(Dataset excerpts)
Content starts

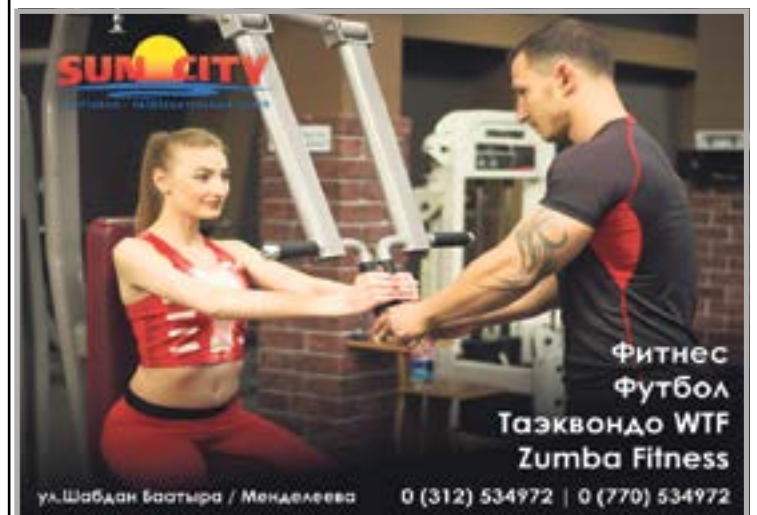
ул.Шабдан Баатыра / Менделеева 0 (312) 534972 | 0 (770) 534972

- После Учредительной конференции сразу начали с мужем подготовку к организации регионального отделения в Аламудунском районе Чуйской области.
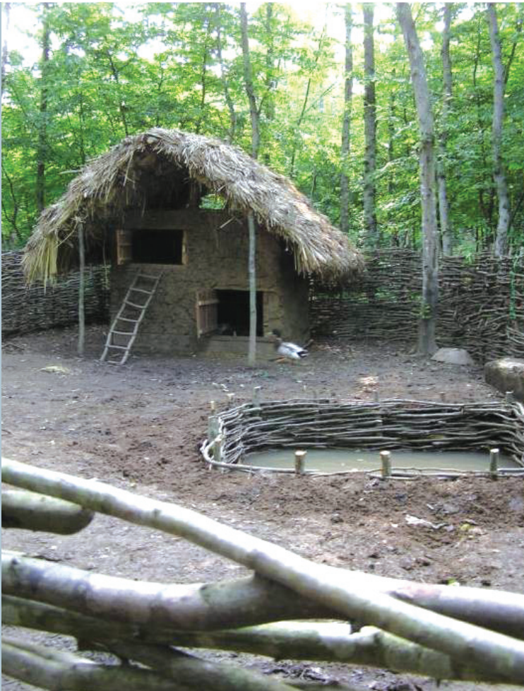
عدم درک صحیح از قلمرو مکان به واسطه نگاه کالبدی صرف، موزه فضای باز روستایی گیلان
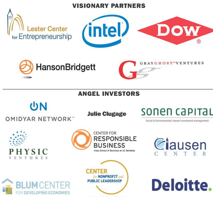
[GVC 주요 스폰서]
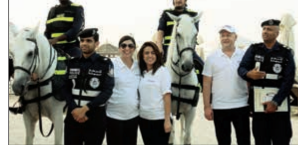
جانب من زوار معرض مكة من فضة

● بشكل فندق ومنتججميرا شاطئ المسيلة وجهة متكاملة
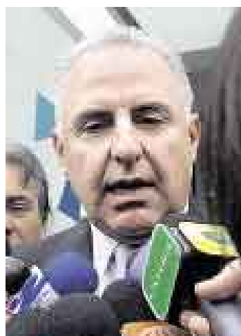
SOLARI. Precisó que el país reclama educación y salud.
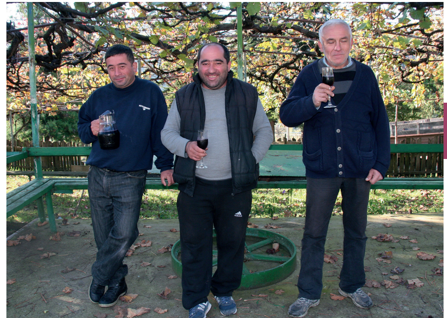
Georgiërs stellen het zeer op prijs wanneer je hun zelfgemaakte wijn proeft.
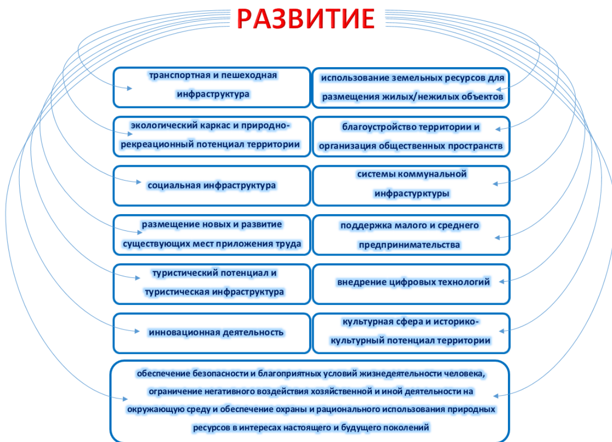
Рисунок 2. Направления развития городской территории по мастер-плану

Программная часть мастер-плана состоит из перечня мероприятий, которые будут реализовываться по каждому из направлений (рисунок 2) для достижения поставленных целей и задач по развитию.
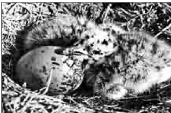
Ждут появления третьего

Они первыми смирились с нашим вторжением. Взрослых тихоокеанских чаек здесь не менее двух с половиной тысяч, и все как одна в накрахмаленных белоснежных сорочках и тёмных фраках. Ни одной серой неполовозрелой особи в этой колонии мы не обнаружили. Уже опустившись недалеко на землю, птицы ещё что-то выкрикивают в наш адрес, но потом житейские дела берут верх, и супружеские чайачьи пары начинают ревниво осматривать свои, судя по всему, очень мизерные, владения. В колонии тихоокеанских чаек птицы постоянно живут в состоянии «военного перемирия». Стоящая у своего гнезда и с презрительной гордостью поглядывающая по сторонам чайка – это самая яркая поборница частной собственности. На гнездовой участок допускается только второй член семьи. Стоит одному из соседей при посадке промахнуться на сантиметр-два и чуть заступить за только им, соседям, известную запретную черту, куда исчезает величавость хозяина попранной территории. Он сразу же бросается бить мнимого захватчика, при этом, увлечшись, почти обязательно переступает границу, и тотчас сам бывает бит. Как птицы различают границы своих гнездовых участков, для меня так и осталось загадкой. Ясно одно, что в гнездовой колонии чаек существует строгий порядок, и правила общежития здесь должны соблюдаться неукоснительно.
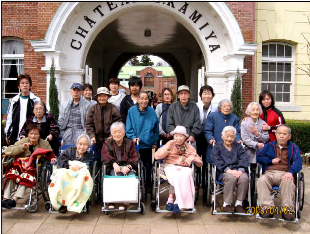
新しい仲間と一緒に和気あいあいとお出掛けしました ~ 2008年4月2日 シャトーカミヤへお花見 ~
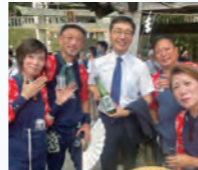
事任八幡宮例大祭の開催おめでとうございます
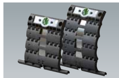
Disponibile con 2 o 3 elementi per profili mini e maxi
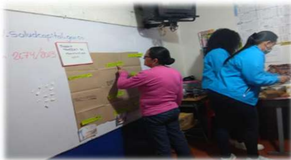
Fuente: Fotografía tomada Equipo VSPC-COVECOM- septiembre 2019 Localidad de Suba

Content ends

* Activity:
Look through the data above. Copy every line with the string "мастер" in it.

* Solution to the problem:
Рисунок 2. Направления развития городской территории по мастер-плану
Программная часть мастер-плана состоит из перечня мероприятий, которые будут реализовываться по каждому из направлений (рисунок 2) для достижения поставленных целей и задач по развитию.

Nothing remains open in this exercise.